Жук выпрямился. Татуированный стиснул меня еще крепче. Я едва могла дышать. Собственно говоря, когда он меня схватил, я так перепугалась, что висела у него в руках как тряпичная кукла; теперь же я начала вырываться, в ответ он только крепче притиснул лезвие к моему горлу.
— Не подходи.
— Ладно, ладно, порядок. — Жук отступил. Теперь он стоял на рельсах.
— Жук, отдай ему деньги. — Голос показался мне чужим.
Жук глянул на меня — на лице отражалась отчаянная мука.
— Не могу, Джем. Это же наше будущее. Наше с тобой. Номер в гостинице, большая двуспальная кровать. Пинта пива в баре, рыба с жареной картошкой на причале. Как же мы, где же мы все это возьмем без денег?
В горле у меня застрял комок. Он уже все это себе представил, все, чего хотел для нас. Господи, ведь не так уж много, верно? Только ничего этого не будет. Даже такой малости у нас никогда не будет. Я заплакала. То были горячие слезы отчаяния и тоски, слезы ненависти к беспощадно тикающим часам.

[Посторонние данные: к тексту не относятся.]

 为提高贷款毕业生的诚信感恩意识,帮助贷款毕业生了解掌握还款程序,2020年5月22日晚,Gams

— Прости, — сказал он. — Прости меня. Я ничего этого не хотел. Не хотел, чтобы тебя пугали. Ты права, Джем. Это всего лишь деньги. Найдем другие. Отпусти ее, — обратился он к Татуированному, — и деньги твои.
— Ага, рассказывай, сосунок. Думаешь, я вчера родился? Давай деньги — тогда отпущу.
— Тогда одновременно, да?
— Нет, сперва давай деньги, — сказал Татуированный ровным голосом, — а потом я ее отпущу.

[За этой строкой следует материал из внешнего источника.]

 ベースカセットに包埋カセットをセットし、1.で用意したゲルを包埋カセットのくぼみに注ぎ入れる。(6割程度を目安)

Я хорошо знала Жука и догадалась, что будет дальше. Будто проиграла всю сцену в голове, как в замедленной съемке, но Татуированный ни хрена не понял. Он отчаянно вскрикнул, когда Жук вытащил деньги из конверта, снял резинку, завел руку назад и швырнул всю пачку вперед и вверх — купюры взметнулись в небо.

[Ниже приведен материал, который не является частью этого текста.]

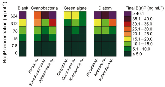 The final concentration of benzo(a)pyrene after 7 days of exposure for individual cyanobacteria and microalgae.

Хватка Татуированного ослабла. Он выронил нож, выпустил меня и рванул по набережной К железной дороге.
Я бросилась к Жуку, он подхватил меня на полдороге. Прижал к себе, вдавив лицом в грудь, вцепился в волосы.
— Порядок, ты здесь. Ты здесь, Джем. — Голос звучал глухо, он и сам готов был разрыдаться. — Давай, уходим. Пусть сам разбирается.
В воздухе кружились купюры. Они продолжали падать, когда мы зашагали по набережной. Я оглянулась — Татуированный, согнувшись пополам, подбирал купюру за купюрой. Было видно, что он зол, страшно зол: бормочет что-то себе под нос, пыхтит, топчется, опустив лицо в землю.
Жук обнял меня обеими руками. Когда мы забрались на холм, он помог мне снова перелезть через забор. Я ждала, когда он перелезет тоже, но он застрял, положив на забор одну руку.
— Давай, валим отсюда, — сказала я.
Он оглянулся через плечо. Я застонала:
— Слушай, не надо. Это всего лишь деньги.
— Ну, я только сотню, Джем. Только подумай, на что нам этого хватит.
Я просунула между прутьями руку и ухватила его за рукав:
— Жук, не смей.
Он вырвался, потом поцеловал мои пальцы.
— Я сию секунду вернусь, — пообещал он и рванул обратно.
— Жук, не смей! Не смей! — закричала я.
Он уже бежал по тропинке. Татуированный поднял на него глаза:
— Тебе чего, добавки захотелось?
— Дай мне немножко. Мою долю, мне же полагается.
— Ничего тебе не полагается, засранец. Вали к своей подружке и не зли меня, а то мало не покажется.
Жук выпрямился:
— Меня не запугаешь.
— Надо же, именно это твоя бабка и сказала, когда я к ней наведался.
— Что?
— Просто хотел выяснить, куда ты подевался. Пришел, так сказать, за информацией. Бабка твоя не очень рвалась мне помочь. Даже хамила, прямо как ты. Правда, когда я уходил, разговорчивости у нее поубавилось…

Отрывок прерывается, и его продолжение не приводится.